Savvy salespeople have known for a while that the tables have turned and that buyers now control the sales process. From conducting research independently to demanding timely, personalized sales and marketing content in the later stages of the buyer journey, buyers haven’t just turned the sales funnel on its head; they’ve changed the definition of success for sales teams.
These shifts are pushing sales teams to seek and use new types of solutions that provide valuable prospect and customer insights throughout the buyer journey. But sales leaders are learning that the earlier salespeople can gain visibility into buyer behavior, the more likely they are to build better, more meaningful customer experiences.
Using Data
Critical data can be derived from every single touchpoint throughout the buyer journey. The real challenge, however, is enabling salespeople to access and interpret early-stage data. Solutions that provide data on how often a prospect views top-of-funnel sales and marketing content, which types of content they prefer to consume, and the devices they use to view that content can offer valuable clues to salespeople on how to guide buyers toward the next stages of the buyer journey. A salesperson who knows, for instance, that a buyer prefers to read shorter product content on a mobile device can personalize documents like proposals more quickly and easily.
Making Connections
Data has the potential to be powerful, but only if salespeople know what to do with it. Because 94 percent of B2B buyers conduct online research at some point in the buying process, it’s critical that once salespeople determine how to personalize the content they deliver, they also use it to connect with prospects and address their pain points.

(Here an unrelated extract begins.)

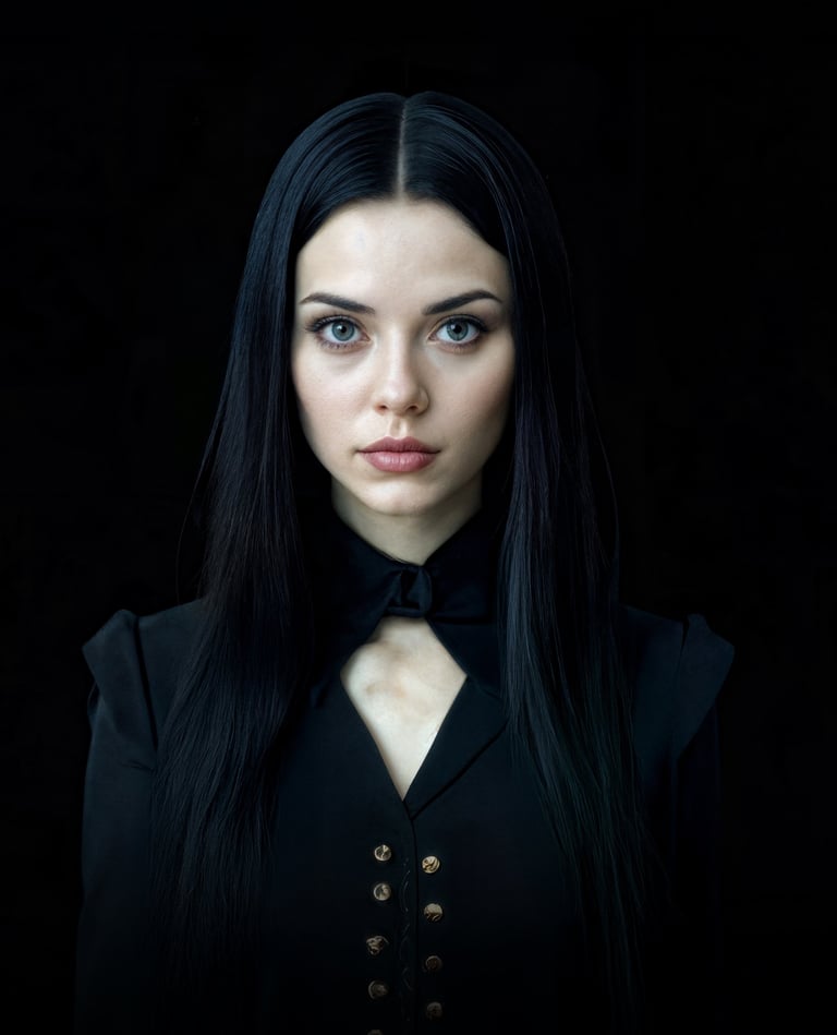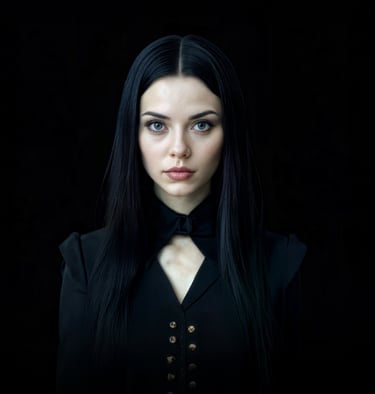 Appearance: 1.80 m tall, very slim, has long, shiny, raven-black hair smoothly parted in the middle, fair complexion, always dressed in black.

Personalization is just the first part of enabling the buyer journey; it’s up to salespeople to demonstrate they can solve a buyer’s problem, and to develop meaningful dialogue that leads to later stages in the sales process. According to HubSpot, one of the three most important salesperson behavioral traits is knowledge–of a prospect’s needs, as well as their own product and its ability to solve problems.
Closing Business
Speed is of the essence for salespeople: delivering the right content quickly and being available to answer prospect questions can make the difference between closing a deal and losing to a competitor. It’s here that early visibility can make the most impact, and not just with a single buyer. Sales teams that use analytics to build accurate forecasting can use that same data to determine how certain types of buyers will behave. And when salespeople have access to that data early in the sales cycle, they can help set a path for buyers that leads to them becoming customers.
The amount of information sales teams can learn about prospects is growing, and that means the need to gain prospect visibility at the start of the buyer journey is more important than ever. Salespeople armed with the tools and insight to help prospects make the right decisions will close better deals and retain better customers.